[[ Supplied information open ]]
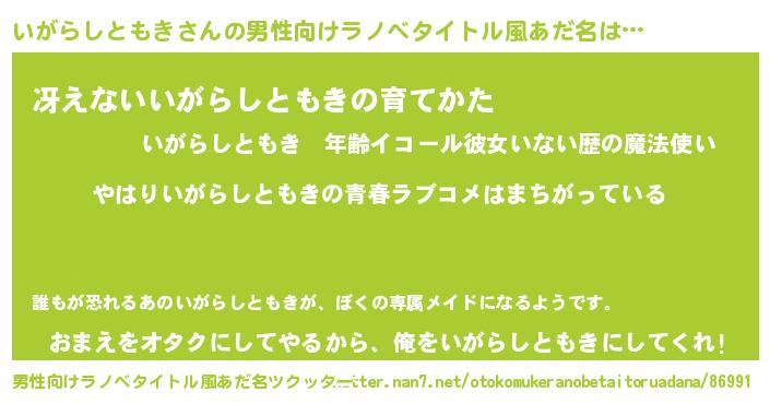 | 女子向けラノベタイトル風あだ名 | 『いがらしともきの雑貨屋さん』 |
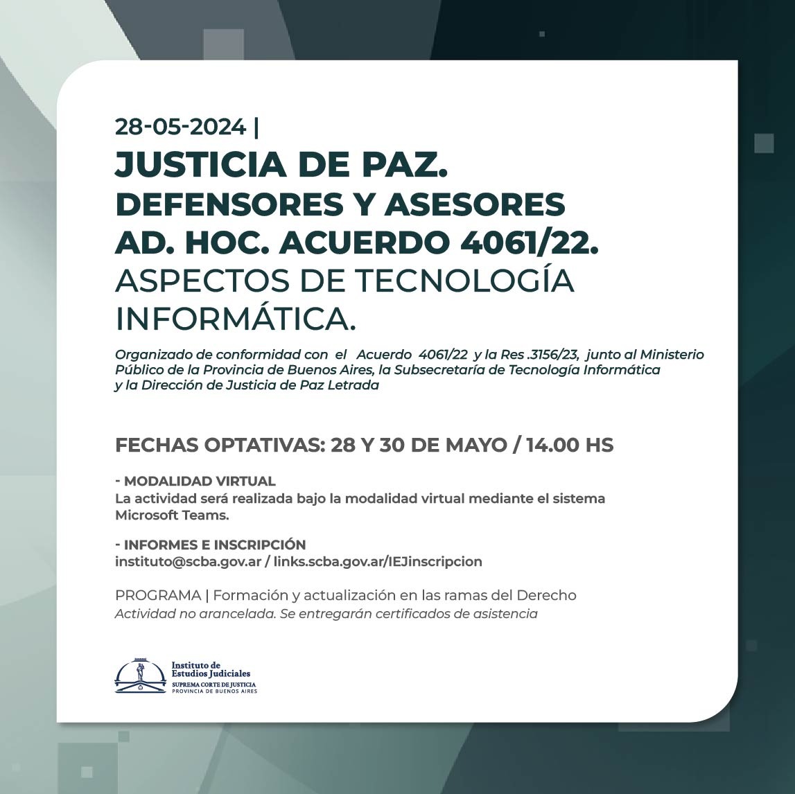 28-05-2024 | Justicia de Paz. Defensores y Asesores Ad Hoc. Acuerdo 4061/22. Aspectos de tecnologia informátcia ( a distancia )
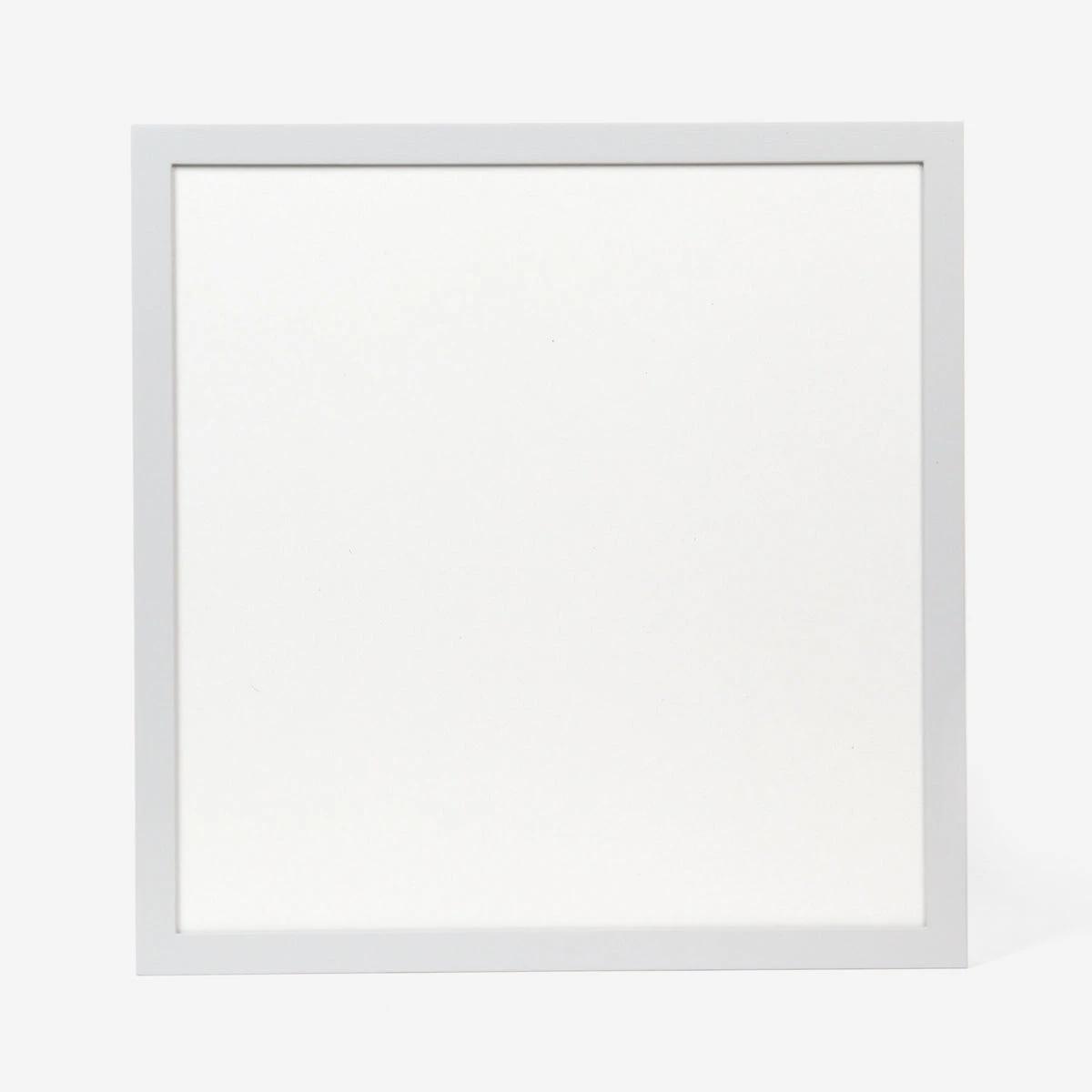 Lichtgrau lackierter Bilderrahmen aus Holz und mit echtem Glas, passend für das Bildformat 30 × 30 cm.
[[ Supplied information closed ]]
Only the pictures are dropped when you print the material; everything else is copied exactly.

[Final answer]
 | 女子向けラノベタイトル風あだ名 | 『いがらしともきの雑貨屋さん』 |
 28-05-2024 | Justicia de Paz. Defensores y Asesores Ad Hoc. Acuerdo 4061/22. Aspectos de tecnologia informátcia ( a distancia )
 Lichtgrau lackierter Bilderrahmen aus Holz und mit echtem Glas, passend für das Bildformat 30 × 30 cm.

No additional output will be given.